A recent article in the calgaryherald.com reported that the Canadian real estate market is on the verge of losing sales numbers due to the decline in housing demand. This suddenly became a benchmark for the Calgary Real Estate Board to maximize efforts to resolve this crisis for the industry.
One of the main reasons for the said decline was because of the a downsizing in the oil price industry, leading to lesser jobs and current costs in housing rates, according to the same article. Job losses are expected to happen within this year as well, according to CREB's chief economist Ann-Marie Laurie. Such employment changes will certainly affect the housing demand for the remainder of the year, she continued in a statement.
Another article from theglobeandmail.com also mentioned a decline in resale home pricing to go down to about 0.2% lower by the end of 2015. The said figure was a contradiction to what the CREB predicted instead early January this year for home prices to close at 1.58% higher.

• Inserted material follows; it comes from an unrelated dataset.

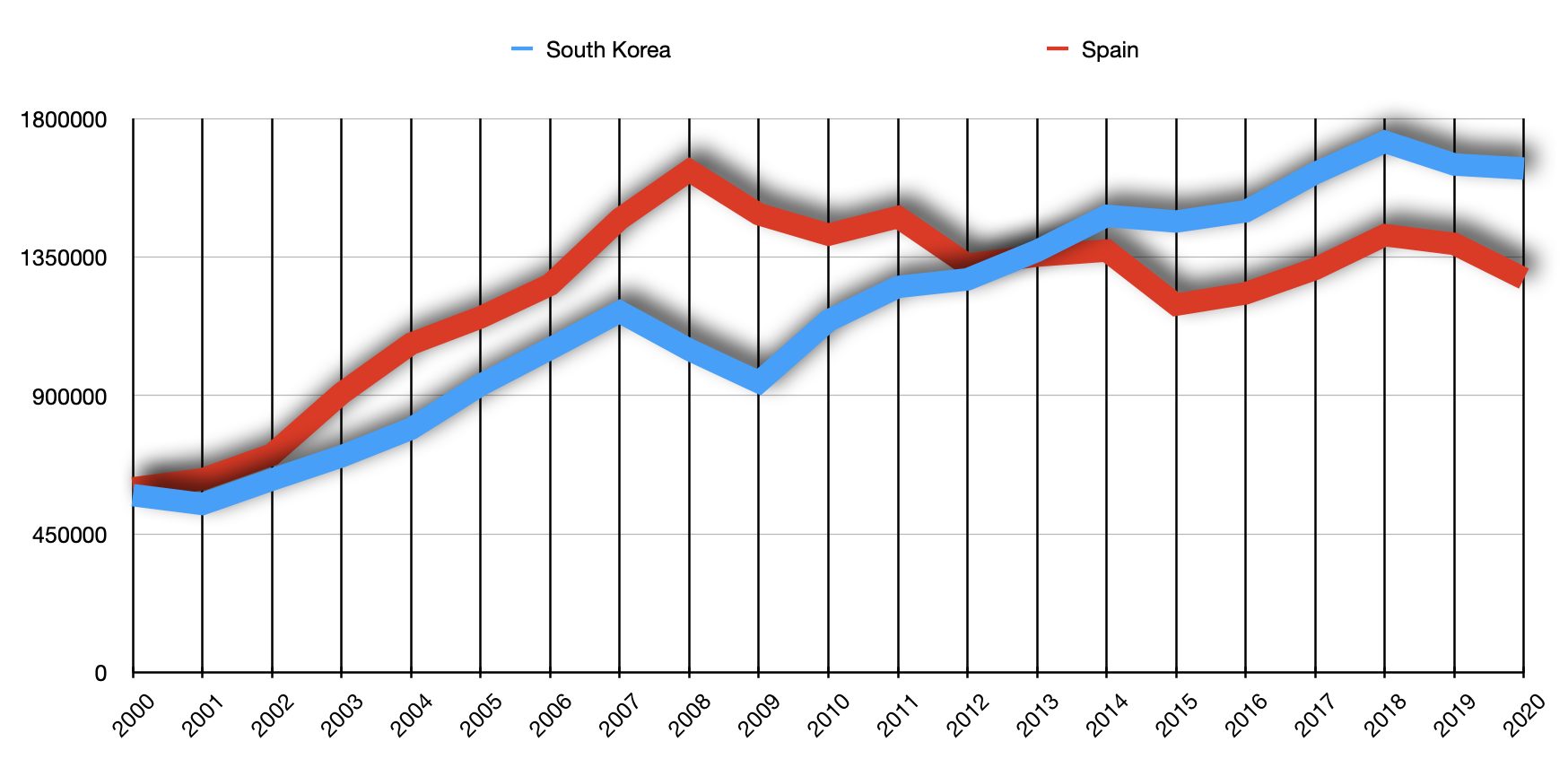 Sólo un matiz. ¡España es cinco veces más grande que Corea! Que sé que está en el mismo orden de magnitud (centenas de miles de km2), pero por aportar algo :P

Board President Corinne Lyall expressed her sentiment by "not expecting that much concern from consumers and the general public over the housing crisis and it not lasting for this long."

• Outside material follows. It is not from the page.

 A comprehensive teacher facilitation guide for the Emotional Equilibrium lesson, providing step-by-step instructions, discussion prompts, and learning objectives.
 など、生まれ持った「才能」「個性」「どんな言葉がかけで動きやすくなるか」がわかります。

The same article also mentioned the country has lost over 12,000 jobs since January and mostly are executive positions handling full time jobs, and in turn garnering about double the number for half-time position work. Last December saw the turnout of home prices slumping down in the city as home sellers were in the rush to put their homes for sale in order to avoid a price correction. A number of listing were totalled around that time, yet many also took out their listings that were unsold by the end of last year.
Let's still hope for the resurrection of the Canadian housing market though.